> PROBLEM DETAILS
Look through the records below for the line with "细节设计方面,采用了怀挡式换". Return that line and each one after it up to and including the line with "EXT filesystem: It", exactly.

[[ GIVEN ENTRIES open ]]

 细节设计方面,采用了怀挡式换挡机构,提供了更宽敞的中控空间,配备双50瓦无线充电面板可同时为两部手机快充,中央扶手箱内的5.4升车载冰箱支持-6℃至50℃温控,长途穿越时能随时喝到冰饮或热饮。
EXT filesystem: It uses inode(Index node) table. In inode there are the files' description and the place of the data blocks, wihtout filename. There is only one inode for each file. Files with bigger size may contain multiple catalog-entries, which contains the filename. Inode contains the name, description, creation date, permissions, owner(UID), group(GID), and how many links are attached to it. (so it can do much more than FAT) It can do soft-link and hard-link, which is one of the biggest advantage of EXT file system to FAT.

[[ GIVEN ENTRIES closed ]]
[[ GIVEN ENTRIES open ]]

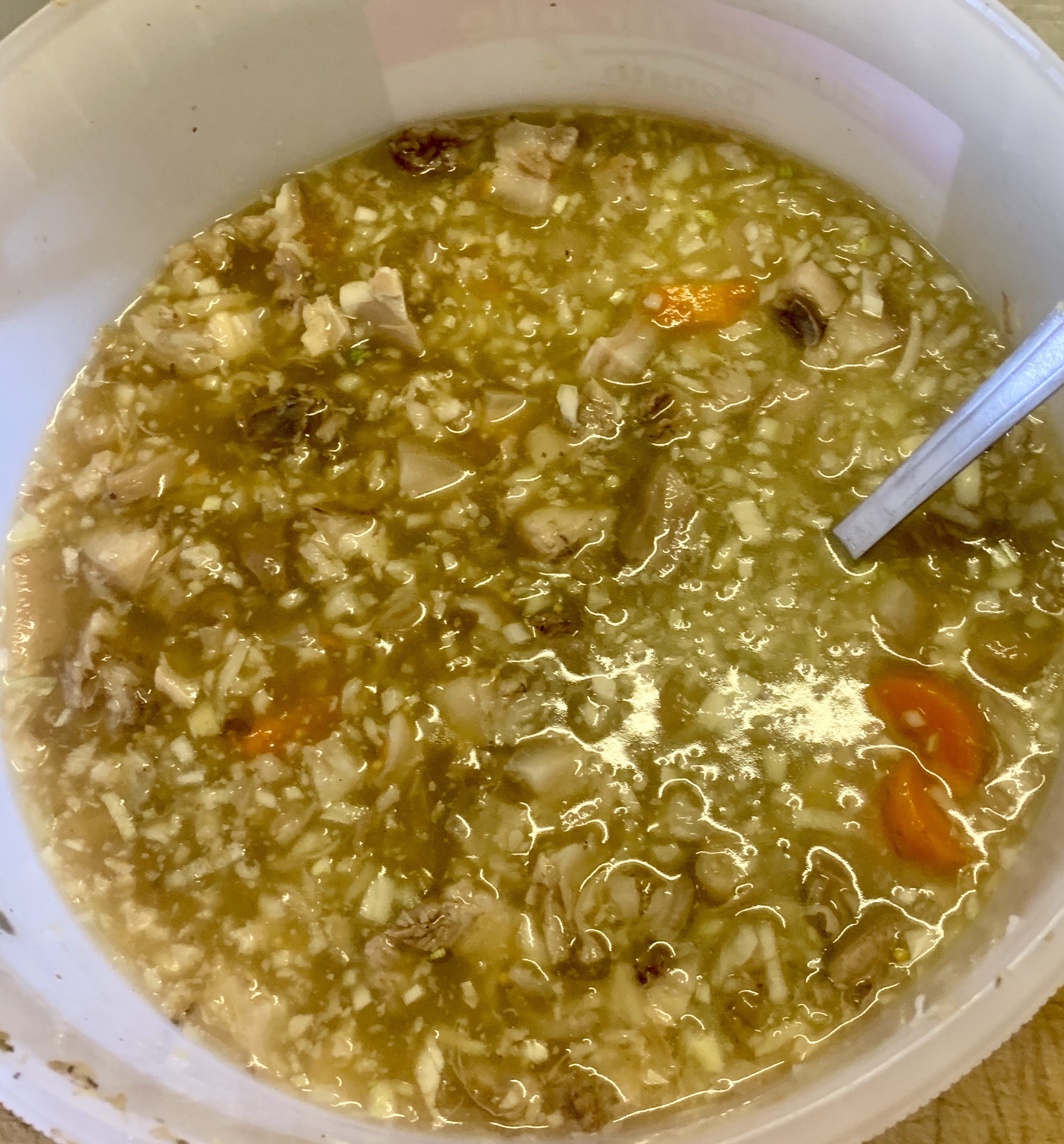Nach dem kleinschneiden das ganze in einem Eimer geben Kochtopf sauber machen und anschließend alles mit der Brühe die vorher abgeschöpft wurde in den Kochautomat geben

[[ GIVEN ENTRIES closed ]]
[[ GIVEN ENTRIES open ]]

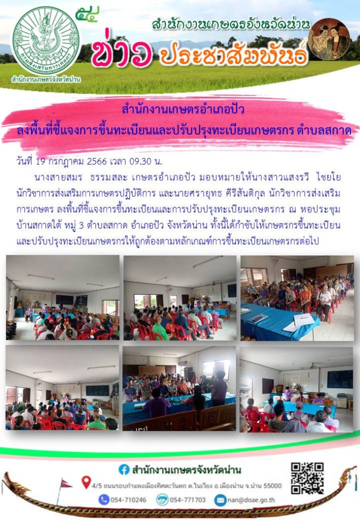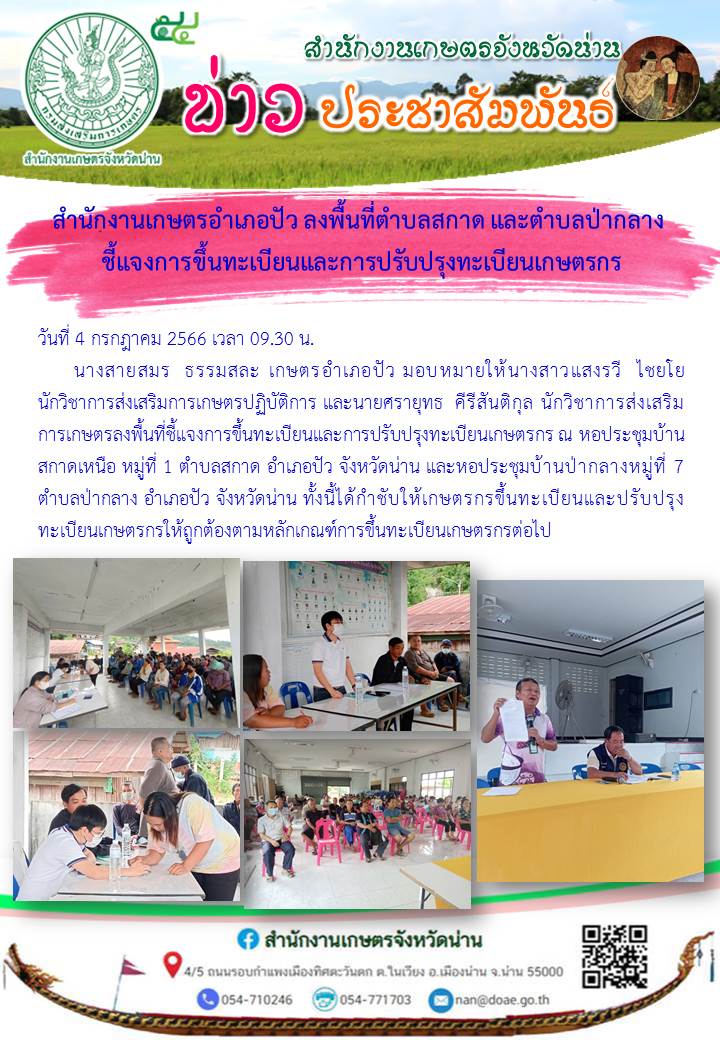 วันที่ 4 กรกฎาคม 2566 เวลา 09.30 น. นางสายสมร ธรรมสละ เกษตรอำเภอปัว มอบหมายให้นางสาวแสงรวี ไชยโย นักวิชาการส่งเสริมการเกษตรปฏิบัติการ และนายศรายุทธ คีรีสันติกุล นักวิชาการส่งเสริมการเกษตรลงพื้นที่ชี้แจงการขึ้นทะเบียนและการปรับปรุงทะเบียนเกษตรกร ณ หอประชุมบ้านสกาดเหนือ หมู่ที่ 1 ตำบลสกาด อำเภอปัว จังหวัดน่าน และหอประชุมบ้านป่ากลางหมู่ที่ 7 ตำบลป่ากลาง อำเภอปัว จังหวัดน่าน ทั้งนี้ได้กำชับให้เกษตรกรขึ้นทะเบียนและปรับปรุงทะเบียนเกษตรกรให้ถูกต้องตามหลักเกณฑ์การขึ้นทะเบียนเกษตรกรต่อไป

[[ GIVEN ENTRIES closed ]]

> EXPECTED ANSWER
 细节设计方面,采用了怀挡式换挡机构,提供了更宽敞的中控空间,配备双50瓦无线充电面板可同时为两部手机快充,中央扶手箱内的5.4升车载冰箱支持-6℃至50℃温控,长途穿越时能随时喝到冰饮或热饮。
EXT filesystem: It uses inode(Index node) table. In inode there are the files' description and the place of the data blocks, wihtout filename. There is only one inode for each file. Files with bigger size may contain multiple catalog-entries, which contains the filename. Inode contains the name, description, creation date, permissions, owner(UID), group(GID), and how many links are attached to it. (so it can do much more than FAT) It can do soft-link and hard-link, which is one of the biggest advantage of EXT file system to FAT.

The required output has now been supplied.